Functional annotation and results integration
In this analysis, we considered CFSRS the discovery sample, since families were ascertained through a child with SSD, and used ALSPAC as the replication sample. We identified associated loci with SNPs significant at p<10−5 in CFSRS and p<0.05 in ALSPAC, with effects in the same direction.
Functional annotation
Because the majority of our findings are intergenic and/or fall in noncoding regions, we relied on annotation tools FUMA and HaploReg to characterize which genes our variants might affect, as well as variants’ functionality. We utilized FUMA50 for mapping genes to our variants based on genomic proximity, eQTL evidence and chromatin interactions evidence. Default settings in FUMA were used, with the exception of tissue specificity. We hypothesized that gene expression and regulation would be most relevant in brain and neural tissues, as well as muscles related to speech. In FUMA we focused on eQTL and chromatin interaction evidence in our target tissues (brain, muscle and esophagus). HaploReg v.4.1 was used to examine the chromatin state evidence predicting whether the variant fell in a promoter or enhancer region. In HaploReg we focused on chromatin state evidence in our target tissues (brain and muscle).
Locus prioritization
In order to further prioritize and synthesize our findings, we annotated associated loci as described above, including annotation of associated effects of these loci in the literature, and incorporated supportive findings from our MWAS. We summarize findings in Table 2, and generated a simple locus priority score as the number of times a locus included an enhancer and/or promoter, included an eQTL, was previously associated with a communication disorder and/or neuropsychiatric disorder, showed eQTL or chromatin state evidence specific to brain and/or neural tissues, mapped to a gene that was a FOXP2 target in brain tissue 51-53, and a meQTL in that region (at p< 5×10−5) with an associated methylation site (at p< 0.05) with the same phenotype as the associated GWAS loci. We applied the EpiXcan pipeline54 to identify eQTLs with our associated SNPs that are differentailly expressed in the dorsolateral prefrontal cortex (DLPFC)55 (Supplemental Methods).
RESULTS
The CFSRS sample included 435 subjects from 148 families (Table 1). Of these, 27% had SSD only, 4% had LI only, 16% had SSD+LI without CAS, and 11% had CAS (Table 1). Of the subjects in the ALSPAC sample, the prevalence of speech problems by parental report varied from 4%-6% (Supplemental Table 3).

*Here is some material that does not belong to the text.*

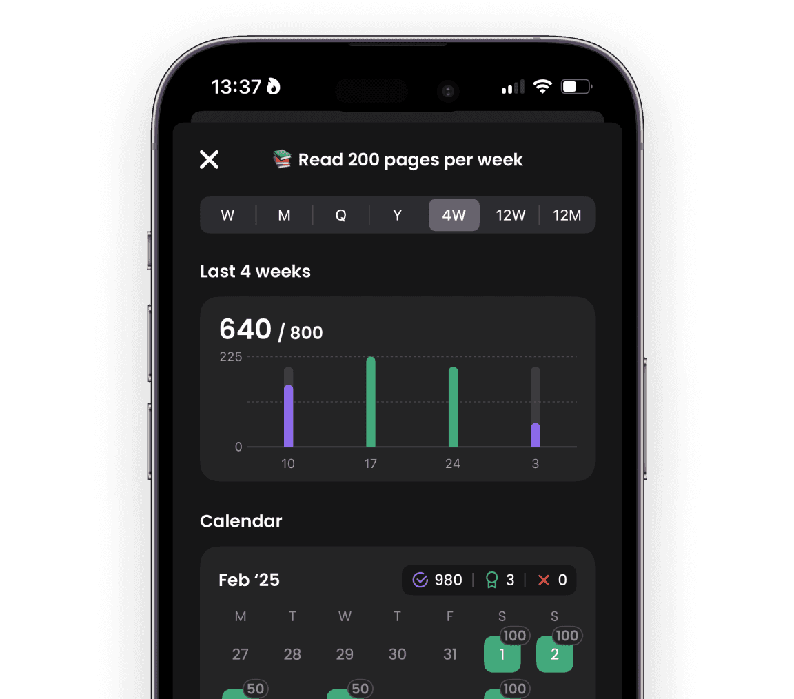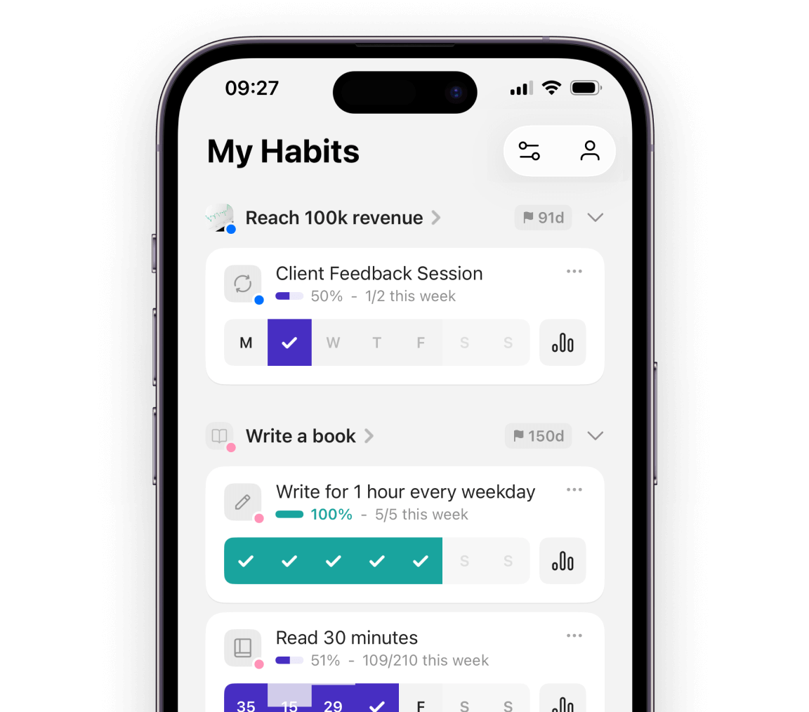 Habit Targets. Set clear daily, weekly, monthly, or yearly targets for your habits.

Genetic correlation analysis reveals new relationships among endophenotypes
Genetic correlation analysis revealed that while many of the patterns of correlation were consistent with phenotypic correlations we have previously reported10, polygenic correlations enable a deeper understanding of these measures, which will inform examination of replication of association effects both within the CFSRS data set and with measures from ALSPAC (Figure 1). For example, while previous studies have demonstrated a strong genetic correlation between reading and spelling measures, polygenic correlation analysis additionally reveals correlations between those skills and Elision. Not surprisingly, expressive and receptive language, as measured on the CELF, are strongly correlated with vocabulary (EOWPVT and PPVT) in addition to reading (WRMT-AT and WRMT-ID). Vocabulary is also strongly correlated with listening comprehension (WIAT-LC).
Most significant findings from GWAS reveal 5 new candidate genes
The majority of associated SNPs (p<10−5) were intergenic, with a lesser number of intronic SNPs (Supplemental Figure 2). Noncoding regions harboring a significant proportion of risk alleles is consistent with previous findings related to neuropsychiatric disease and behavioral traits56. We focused on SNPs that had a p-value<1×10−5 in CFSRS with replication with a related trait in ALSPAC (p<0.05), or Fisher combined p-values < 1×10−7, that had functional relevance based on our gene priority score (Table 2).
Among the 5 prominent loci, all had enhancers or promoters for muscle, brain, and/or neuronal progenitor cells, 4 out of 5 had significant methylation and meQTL effects, and 3 out of 5 had eQTLs for brain and/or skeletal-muscle tissue (Figure 2, Supplemental Table 5). EpiXcan analysis suggested that the SNP in the chromosome 1 IFI6 region is associated with expression in the DLPF cortex (Elision p=0.018, TWS p=0.008; Supplemental Tables 6 and 7). The first region on chromosome 14, including NFKBIA and PPP2R3C, shows significant chromatin interaction mapping in adult cortex tissue. NFKBIA, which codes for a component of the NF-κB pathway, is associated with neurogenesis, neuritogenesis, synaptic plasticity, learning and memory57. The second region on chromosome 14 includes PP2R3C, which is within the topologically associating domain (TAD) boundary of the NFKBIA locus in Hippocampus and DLPFC. EpiXcan analysis showed NFKBIZ, a gene in the same pathway as NFKIBA, is also associated with expression in the DLPFC (Elision p=0.000452, TWS p=0.004939; Supplemental Tables 6 and 7).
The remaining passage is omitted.